Em Sevilha trabalhou em vários espaços de entretenimento e no famoso stand da feira Esmeralda, “Los formalitos”. Ele então se aposentou e viveu e cuidou de sua família. Ele sempre foi claro sobre sua luta e seu papel na sociedade, sempre veio com generosidade quando o convidávamos para participar de algum evento ou da manifestação de junho. Ela nunca se cansou, nunca deixou de exigir seus direitos de uma sociedade que sempre a olhou de soslaio. Por sua luta e resistência, em 2018, a associação Adriano Antinoo concedeu-lhe a medalha.

Candela sempre, até o último dia, lutou para ser ela mesma e pelos direitos de todos. Ele morreu em fevereiro passado, dois dias depois de completar oitenta e cinco anos. Sempre nos lembraremos dela com seu sorriso, seu olhar brilhante, seu carinho e seu respeito por todos.

De 9 de maio a 26 de junho de 2026, a associação Adriano Antinoo organizou uma exposição no Espaço LGTBI #Relator8 de Sevilha, com fotografias e vídeos, para lhe prestar uma sincera e obrigatória homenagem.

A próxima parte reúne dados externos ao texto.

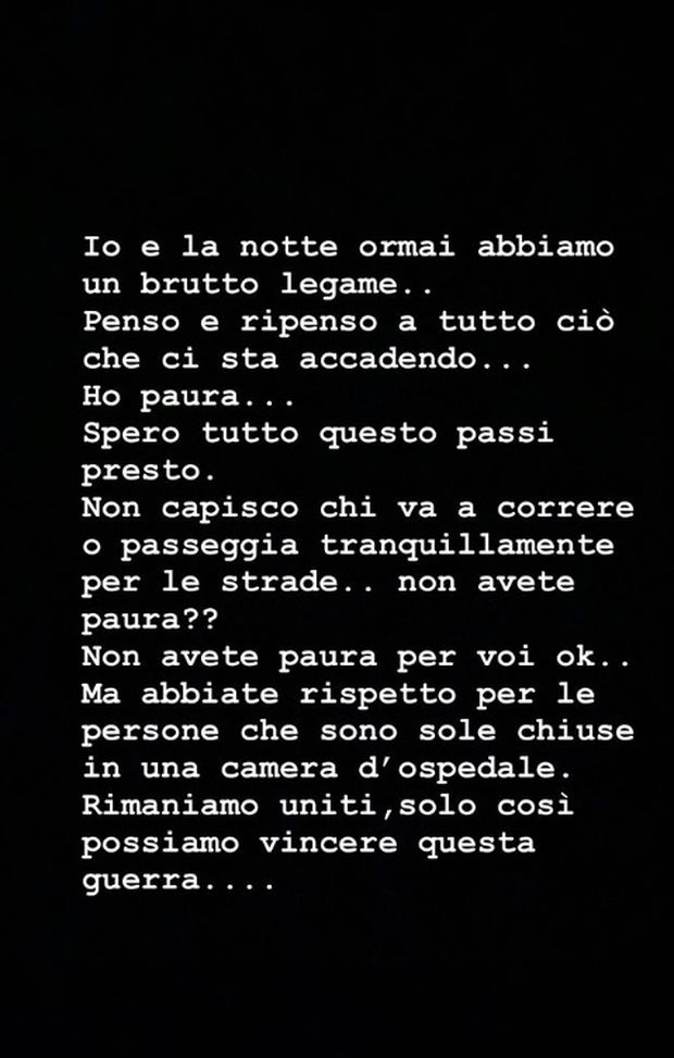 "Io e la notte abbiamo un brutto legame. Penso e ripenso a tutto ciò che ci sta accadendo. Ho paura... Spero tutto questo passi presto. Non capisco chi va a correre o passeggia tranquillamente per le strade. Non avete paura?? Non avete paura per voi, ok. Ma abbiate rispetto per le persone che sono sole chiuse in una camera d'ospedale. Rimaniamo uniti, solo così possiamo vincere questa guerra..."
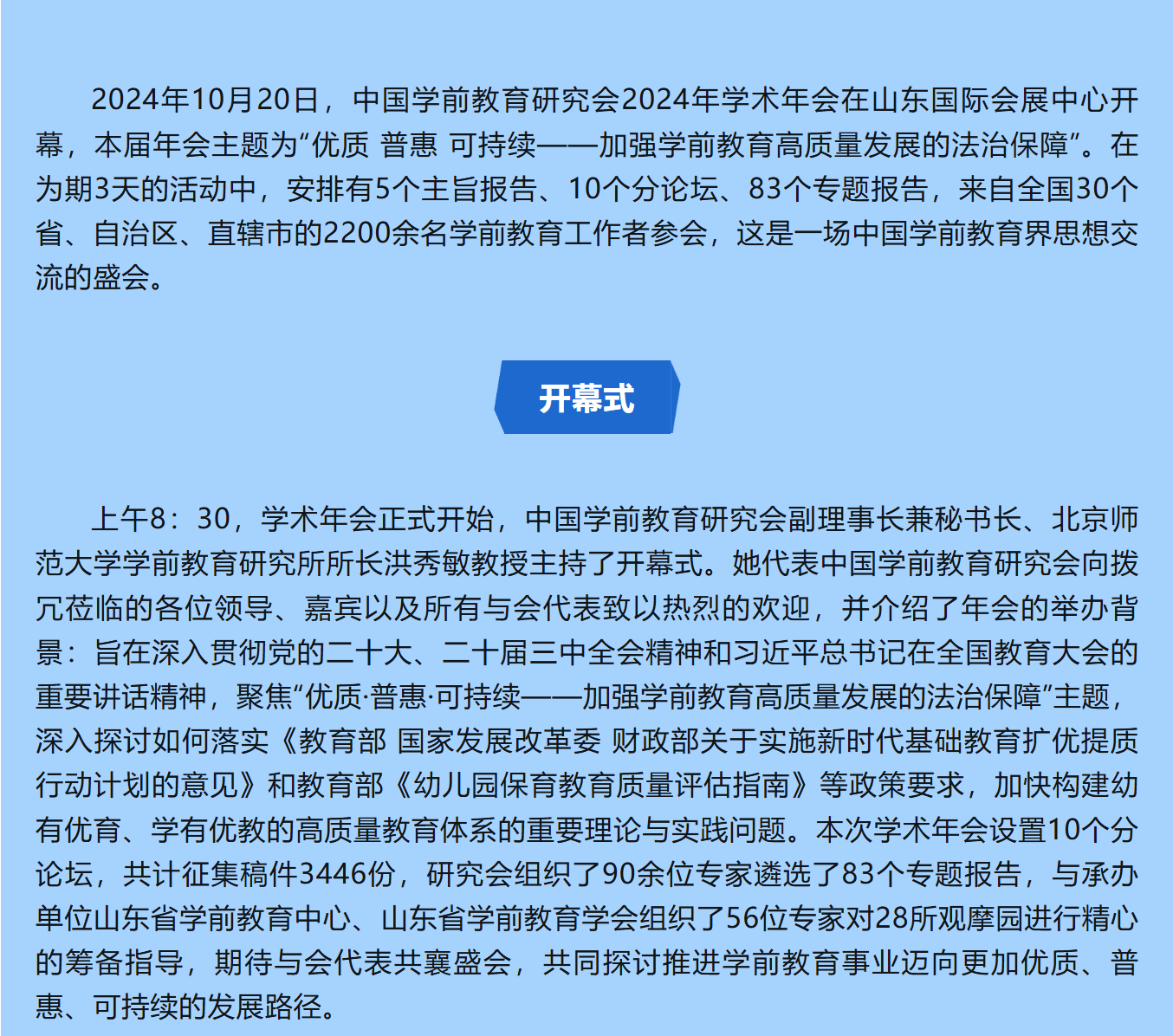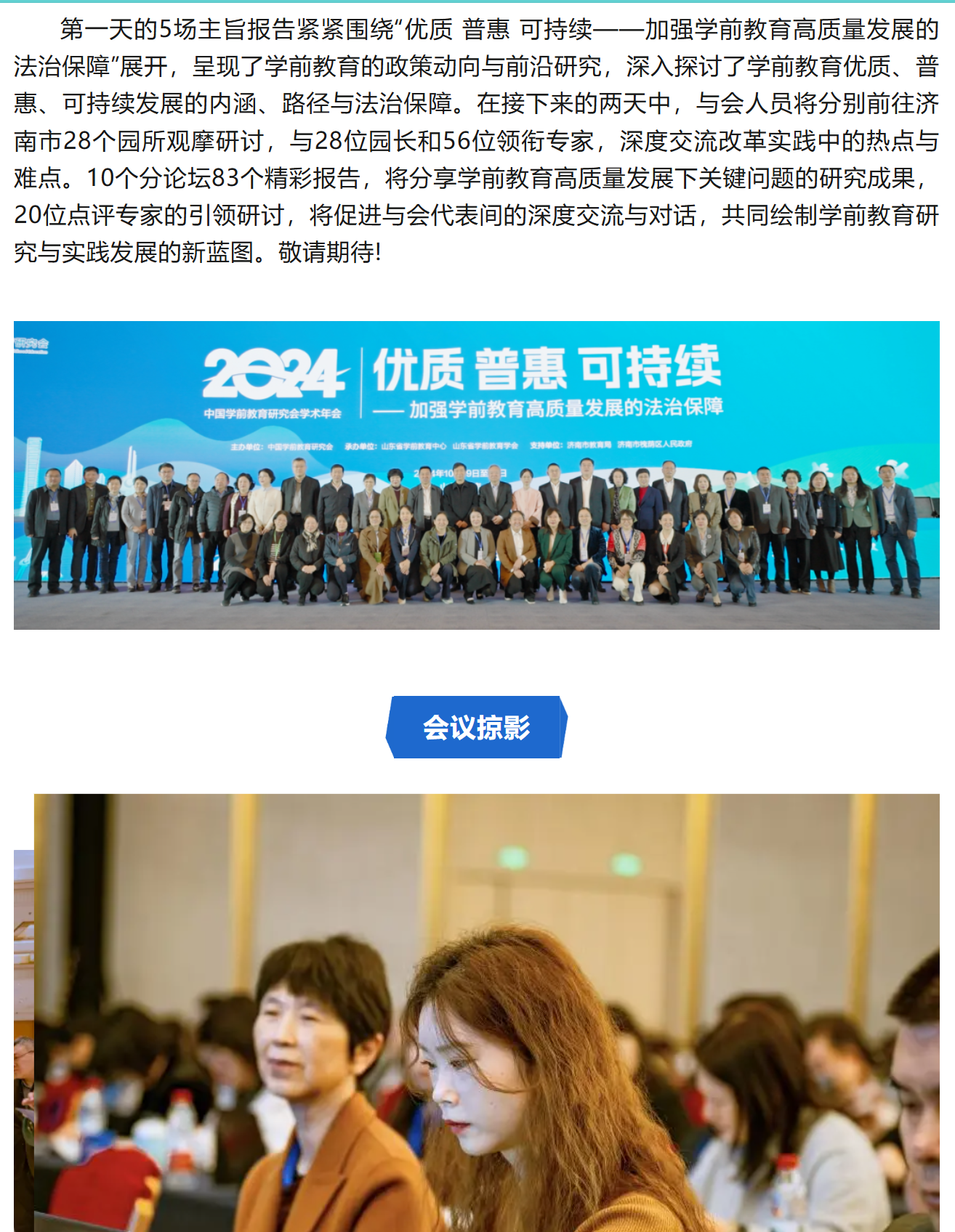优质 普惠 可持续——加强学前教育高质量发展的法治保障!中国学前教育研究会2024年学术年会在济南启幕!

Voe alto Candela, nunca se esqueça do seu sorriso e da sua generosidade. Aqui sempre levaremos você em nossos corações. Este ano você não estará na manifestação, mas sempre terá um lugar lá.

Autor Juan-Ramón Barbancho Rodríguez (Hinojosa del Duque, Córdoba 1964).

Graduado em Geografia e História e Doutor em História da Arte. Pesquisador Prometheus da Secretaria Nacional de Educação Superior de Ciência, Tecnologia e Inovação, Equador. Pesquisador do Centro de Arte Contemporânea de Quito.

Foi professor convidado nas Universidades Central e Católica do Equador e na Faculdade Latino-Americana de Ciências Sociais.

Autor de inúmeras publicações, incluindo:

SER VOCÊ MESMO foi um crime (em colaboração com Alfonso Baya) Ed. Lebres mortas. Espanha.

O pessoal é político. História do ativismo homossexual na Andaluzia. Pub. Diputação de Cádiz. Co-autor com Pablo Morterero.